DG: That’s the rate per 100,000, so you could actually multiply that by, what, 4.5? Really, it was over 4,500 reinfections just in September.

VR: Can we compare that to vaccinated people?

DG: Yes, they do that. They compare it. We see a range depending on when you look of somewhere between 2 to 9.5 times as likely to get infected compared to the vaccinated people.

VR: Good. That’s good. I wish more states did that.

DG: Actually, it would be nice. It would be nice. All right, passive vaccination. We talked a little bit about monoclonals in our opening story. On September 29th, so just yesterday when we’re recording, it’ll be a few days for folks listening, the article REGEN-COV Antibody Combination and Outcomes in Outpatients with COVID-19. This article came out as a peer-reviewed publication in the New England Journal of Medicine. This paper describes the Phase III portion of an adaptive trial were outpatients with COVID-19 and risk factors for severe disease were randomly assigned to receive various doses of intravenous REGEN-COV or placebo.

We’ve talked about a little of this data in the early preprint and in the press releases but in the original Phase III portion of the trial, 3,088 patients with or without risk factors for severe COVID-19 were randomly assigned to receive a single intravenous dose of REGEN-COV. It’s either 8,000 milligrams or 2,400 milligrams. The difference in those, think about in parts per volume because we’re also thinking the potential that we can deliver these subcutaneous or IM [intramuscular injection] in some.

In the amended Phase III portion of the trial, there was an additional 2,519 patients. They’re growing the numbers here. The median follow-up was 45 days, so extending the follow-up from that initial 29 days, 96.6% of the patients got past that 28 days and had this longer follow-up. Now, this is I think critical, because timing, and I keep getting it. These patients had a confirmed SARS-CoV-2 positive diagnostic test no more than 72 hours prior to randomization and onset of any COVID-19 symptom no more than seven days before randomization.

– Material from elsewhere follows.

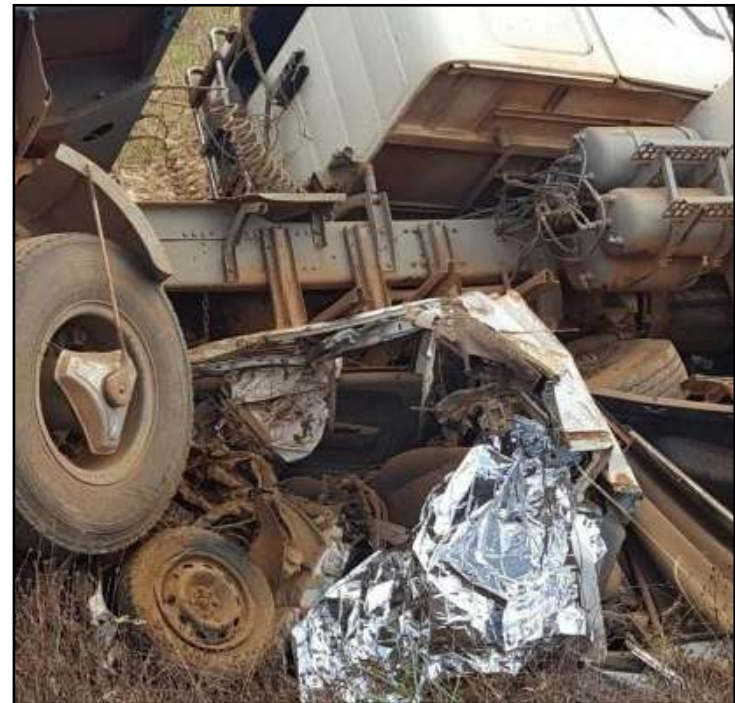
Colisão fatal ocorreu entre Sorriso e Ipiranga do Norte

They found that the COVID-19-related hospitalization or death from any cause, there was a relative risk reduction of 70.4%, p-value 0.02 with receiving the mAb, the monoclonal antibody therapy. Also, the median time to resolution of symptoms was four days shorter in the folks that got the REGEN-COV. This was similar at the two different doses. Serious adverse events, people are worried about giving people this, 4% in the placebo group, 1.1% and 1.3% in the two dosing groups for the mAbs.

Infusion-related reactions occurred in less than 0.3% of the patients in all groups. Just to reinforce, this is a very safe. Your patient is much more likely to have problems not getting the monoclonals than they are getting the monoclonals and the monoclonals continue to really do a tremendous job of reducing the risk of COVID-19-related hospitalizations or death. This really still remains our most effective antiviral therapeutic.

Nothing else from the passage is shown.